In the past, Canada and the USA signed similar deals, notably in 1986 and 1996, but none was renewed at expiration. Is the present agreement a fair compromise or is it a deal that has been obtained under duress, after the Bush administration pushed Canadian producers against the wall and the Harper government was hoodwinked and caved in to American demands? Moreover, could a clearly politically driven trade deal undermine the entire legal framework of NAFTA and the WTO? Indeed, is there not a dangerous message being sent that WTO's and NAFTA's dispute resolution systems are worthless? In the long run, this could have detrimental consequences for the entire international trading system.


The principal short-term benefit derived from the agreement is the removal of uncertainty hanging over both Canadian producers and American builders. At least for seven years, production planning can be done without the fear of legal and fiscal disturbances. Also, for financially strapped Canadian producers, the reimbursement of some $ 4 billion of border taxes will be most welcome, and this explains why many decided to accept the deal, with a feeling of resignation, even if some consider it most unfair.

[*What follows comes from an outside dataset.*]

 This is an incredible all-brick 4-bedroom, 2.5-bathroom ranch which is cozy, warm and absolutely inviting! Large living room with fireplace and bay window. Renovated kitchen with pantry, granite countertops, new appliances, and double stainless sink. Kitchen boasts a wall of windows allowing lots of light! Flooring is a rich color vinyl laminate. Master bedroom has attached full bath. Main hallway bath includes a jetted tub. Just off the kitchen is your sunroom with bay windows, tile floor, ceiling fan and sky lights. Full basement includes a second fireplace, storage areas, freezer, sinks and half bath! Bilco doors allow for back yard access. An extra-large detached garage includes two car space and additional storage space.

Indeed, the group most responsible for the dispute, the American lobby of lumber producers, will be rewarded with a half billion dollar subsidy, even though their complaints have be rejected by the NAFTA and WTO rulings. Their lawyers are laughing all the way to the bank. It is a precedent that other U. S. industries may be tempted to adopt in future trade disputes.

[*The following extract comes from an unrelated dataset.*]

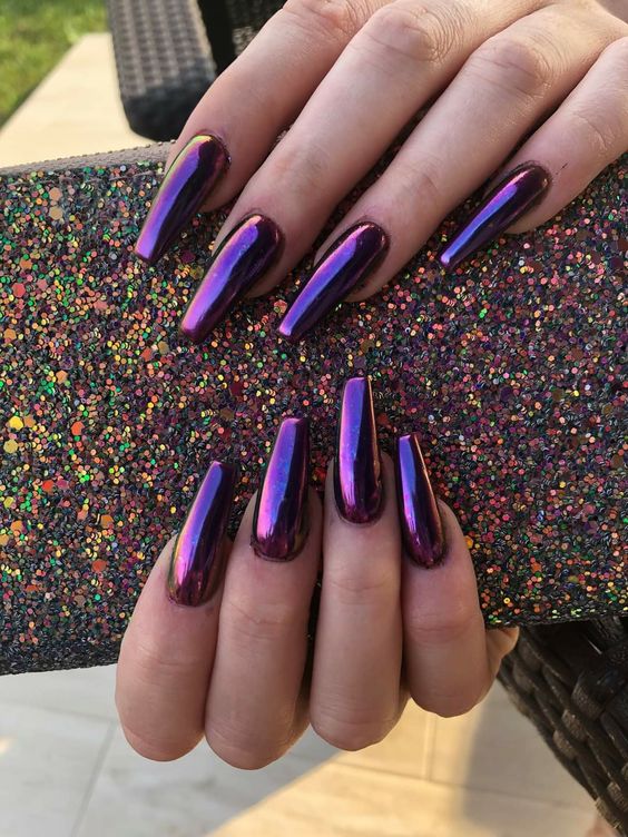 In this sporty design, coffin-shaped nails are paired with a bright purple chrome finish for a forward fashion huge. The coffin cut is a cutting-edge design that is perfect for women who are passionate about the bold and long nails. The contrast of chrome neatly defines the coffin nails’ shapes, thus they are a perfect choice not just for fashion shows but also for partying. You could also think about using rhinestones or simply adding art to the design if you want to give it a plus.
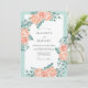 This design features a soft palette of peach and mint green, ideal for a romantic spring event. Delicate watercolor roses in shades of coral and apricot are paired with lush silver dollar eucalyptus foliage. The artwork creates a serene botanical aesthetic against a clean white backdrop.

American trade officials also have reason to rejoice. Given the fact that the price of lumber is relatively high in the current building cycle, they can reasonably assume that they have boxed in the Canadian negotiators by committing them to impose export taxes as soon as the current building boom in the U. S. subsides, or when Canadian producers take a larger share of the U. S. market. Since the building-products market is expected to weaken over the next few years, as construction declines, Canadian exporters may be facing punitive taxes or export restrictions sooner than many expect.

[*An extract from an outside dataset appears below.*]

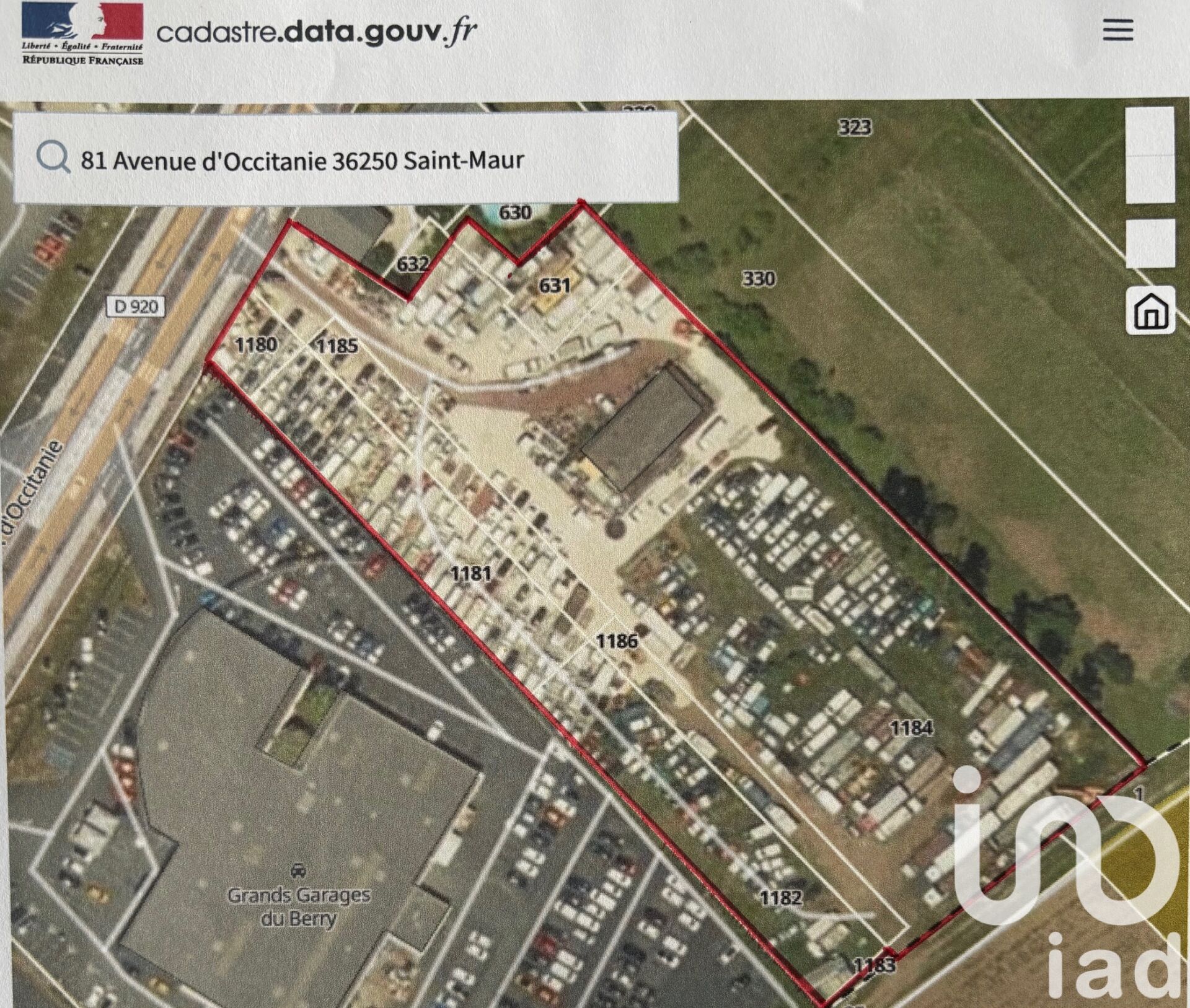 Iad France - Benoit Rullaud vous propose : Terrain commercial de 10 766 m² en première ligne – Zone Cap Sud, Saint-Maur (36250) Adresse : 81,83, avenue d'Occitanie, 36250 Saint-Maur Emplacement stratégique : En plein cOEur de la zone commerciale dynamique Cap Sud, sur la première ligne commerciale, bénéficiant d'une forte attractivité et d'une excellente visibilité. * Superficie totale : 10 766 m² * Zone Uy4 : Terrain à vocation d'espace commercial de périphérie * Façade : Environ 70 mètres au plus large, offrant un potentiel d'aménagement optimal. * Réseaux existant pour le bâtiment, facilement accessibles Ce terrain représente une opportunité rare pour tout projet commercial ou d'implantation d'enseigne en périphérie, dans une zone à fort passage et en plein développement. Permis de démolir accepté pour la maison, la démolition pourra être réalisé par le vendeur). Contactez-moi dès maintenant pour plus d'informations ou organiser une visite. Honoraires d'agence à la charge du vendeur. Bien non soumis au DPE. Les informations sur les risques auxquels ce bien est exposé, y compris l'obligation légale de débroussaillement, sont disponibles sur le site Géorisques : http://www.georisques.gouv.fr. La présente annonce immobilière a été rédigée sous la responsabilité éditoriale de M Benoit Rullaud mandataire indépendant en immobilier (sans détention de fonds), agent commercial de la SAS I@D France immatriculé au RSAC de Chateauroux sous le numéro 535024962, titulaire de la carte de démarchage immobilier pour le compte de la société I@D France SAS.

For these reasons, I believe the $355 price per thousand board feet is too high a floor to establish softwood free trade between the two countries. The choice of an average price over many years would have been more logical and less detrimental to Canadian producers. Considering also that the Canadian dollar is posed to appreciate vis-a-vis the US dollar in the coming decade (after an expected short term correction because of the current overvaluation), mainly under the influence of high energy prices and high interest rates, the compromise agreement may look less and less attractive to Canada in the coming years. There could then be a political backlash against a trade deal that would be seen as a sell-out in Canada. —We shall watch how all this unfolds.



Posted by Rodrigue Tremblay, April 29, 2006, at 12:30 p.m.